Ayat diatas berbicara tentang kekuasaan secara menyeluruh, entah kekuasaan itu berada ditangan kaum muslimin ataupun ditangan kaum kuffar. Ataukah ketika kemenangan itu berada ditangan kaum muslimin ataupun  dikalangan kuffar. Ketahuilah bahwa peralihan kekuasaan bisa saja berubah. Bagi orang-orang yang memiliki semangat perjuangan, kesadaran perjuangan, dan cita-cita akan kemenangan Islam, perlu  berkomitmen dengan syariat Islam bagimanapun sulitnya. Karena suatu saat (Insya Allah) kemenangan itu akan datang, saat kemenangan  telah diraih mereka harusnya tidak merubah komitmen terhadap syariat, seperti mendahulukan fikiran dan nafsu  semata-mata karena ingin mendapatkan kekuasaan dengan cara yang cepat.Ketahuilah kekuasaan itu ada ditangan Allah. Firman-Nya

Watilkal Ayyamu Nudawiluha Bainannaas

Artinya: “Dan demikianlah hari hari kami pergilirkan diantara manusia”

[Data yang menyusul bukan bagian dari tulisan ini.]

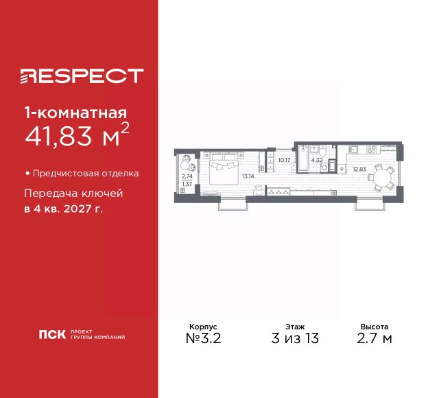 Продается 1-комн. квартира с предчистовой отделкой в ЖК "RESPECT" на 13 этаже. Общая площадь: 38.09 кв.м., жилая: 11.58 кв.м., площадь просторной кухни-столовой: 16.47 кв.м. Все окна выходят на одну сторону. В квартире один балкон, один совмещенный санузел. Высота потолков 2.7 м. Квартира будет сдана с отделкой WHITE BOX, в которую включены следующие виды работ: - заливка стяжки; - установлена система отопления квартиры; - подготовлены потолки; - все стены выровнены, загрунтованы и отштукатурены; - электрическая проводка разведена по комнатам. Квартира будет готова к чистовой отделке. Дом монолитный, многоподъездный, переменной этажности, от 8 до 13 этажей. Квартира находится в 1-й секции высотой 13 этажей в корпусе 2. На этаже 5 квартир. В подъезде 1 пассажирский и 1 грузовой лифт. Окончание строительства - 1 квартал 2026 года. Оформление сделки по договору долевого участия. В шаговой доступности от жилого комплекса расположены станции метро (расстояние по прямой): "Лесная" (800 м), "Площадь Мужества" (1.4 км), "Выборгская" (1.9 км), также недалеко от этого корпуса находятся станции метро: "Академическая", "Политехническая". Жилой квартал "RESPECT" строится на Полюстровском пр, 87, в одной из самых востребованных локаций Петербурга. В 10 минутах пешком - метро "Лесная" и в 10 минутах на транспорте - Петроградская сторона. Высота домов от 7 до 13 этажей. Квартиры сдаются с отделкой white box и с чистовой отделкой. На территории Respect строится школа на 1125 учащихся и детский сад на 240 мест. Запроектированы собственная газовая котельная, закрытая территория, дворы без машин и подземные паркинги с лифтами. В проекте предусмотрены трапециевидные балконы или остекленные лоджии, которые, с одной стороны, исключают монотонность фасада, являясь декоративными элементами, с другой дополнительным функциональным пространством в квартирах. Цветовая гармония фасадов каждого дома раскрывает характер квартала. Коричневый цвет клинкерного кирпича со структурой водяных штрихов — цвет уюта и безопасности, сдержанности и надёжности. Вентилируемые фасады облицованы клинкерным кирпичом. Его высокая прочность позволяет давать 100 лет гарантии на этот материал. Водопоглощение клинкерного кирпича составляет менее 5%, за счет чего у него высокая теплопроводность и прочность. В квартале запроектированы внутренние закрытые территории дворов домов без доступа автомобилей и безбарьерная среда для велосипедистов и колясок. Предусмотрены IP-домофония с функцией дистанционного открывания калиток и парадных, а также дистанционный сбор показаний счетчиков и мобильное приложение для жителей. Для безопасности жителей квартала - круглосуточное видеонаблюдение и служба охраны. В каждой квартире предусмотрены внешние корзины для кондиционеров. Вся территория квартала будет связана единой концепцией благоустройства, разработанной ландшафтным бюро L.BURO. На эксплуатируемой кровле на уровне первого этажа в домах 1 и 4 будут обустроены общественные видовые терра

suatu saat orang beriman akan menang dan berkuasa, disaat yang lain bisa saja orang orang kafir menang dan berkuasa dan disana terdapat sunnatullah. Sunnatullah bagi mereka yang  mendapatkan kekuasaan dan mereka yang telah kehilangan kekuasaan perlu untuk  dipelajari. sehingga kita mendapatkan sebab dari jalan yang terbaik untuk sampai kepada kekuasaan yang diridhai oleh Allah shubhana wa ta’ala. Hal yang patut untuk diperhatikan adalah menghindari hal-hal yang bisa menjadikan kekuasaan tersebut  hilang dari tangan orang-orang beriman, dan jatuh ditangan orang-orang yang merusak.

Baca Juga: Arti Penting kemenangan Romawi

 

Related Posts

Leave a Reply

Your email address will not be published. Required fields are marked *

« »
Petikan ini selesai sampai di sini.